** EXERCISE INPUTS follows **

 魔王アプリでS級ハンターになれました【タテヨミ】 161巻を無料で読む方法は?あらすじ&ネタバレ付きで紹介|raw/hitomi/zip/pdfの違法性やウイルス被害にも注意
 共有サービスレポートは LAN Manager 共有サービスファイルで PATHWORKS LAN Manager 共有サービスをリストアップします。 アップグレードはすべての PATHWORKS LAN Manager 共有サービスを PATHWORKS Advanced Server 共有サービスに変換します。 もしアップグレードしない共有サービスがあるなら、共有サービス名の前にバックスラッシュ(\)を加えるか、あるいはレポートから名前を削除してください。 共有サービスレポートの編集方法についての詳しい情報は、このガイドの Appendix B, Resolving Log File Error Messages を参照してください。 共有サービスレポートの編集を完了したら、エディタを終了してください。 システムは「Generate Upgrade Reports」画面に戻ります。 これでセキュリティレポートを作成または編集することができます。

** End of EXERCISE INPUTS **
** EXERCISE INPUTS follows **

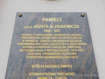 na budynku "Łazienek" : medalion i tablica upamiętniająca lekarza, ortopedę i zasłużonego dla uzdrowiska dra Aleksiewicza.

** End of EXERCISE INPUTS **

● **TASK BRIEF**: In the listing above, find the line containing "魔王アプリでS級ハンターにな" and the line containing "共有サービスレポートは LAN Manager", then repeat those two lines and everything between them exactly.

● **ANSWER BOX**:
 魔王アプリでS級ハンターになれました【タテヨミ】 161巻を無料で読む方法は?あらすじ&ネタバレ付きで紹介|raw/hitomi/zip/pdfの違法性やウイルス被害にも注意
 共有サービスレポートは LAN Manager 共有サービスファイルで PATHWORKS LAN Manager 共有サービスをリストアップします。 アップグレードはすべての PATHWORKS LAN Manager 共有サービスを PATHWORKS Advanced Server 共有サービスに変換します。 もしアップグレードしない共有サービスがあるなら、共有サービス名の前にバックスラッシュ(\)を加えるか、あるいはレポートから名前を削除してください。 共有サービスレポートの編集方法についての詳しい情報は、このガイドの Appendix B, Resolving Log File Error Messages を参照してください。 共有サービスレポートの編集を完了したら、エディタを終了してください。 システムは「Generate Upgrade Reports」画面に戻ります。 これでセキュリティレポートを作成または編集することができます。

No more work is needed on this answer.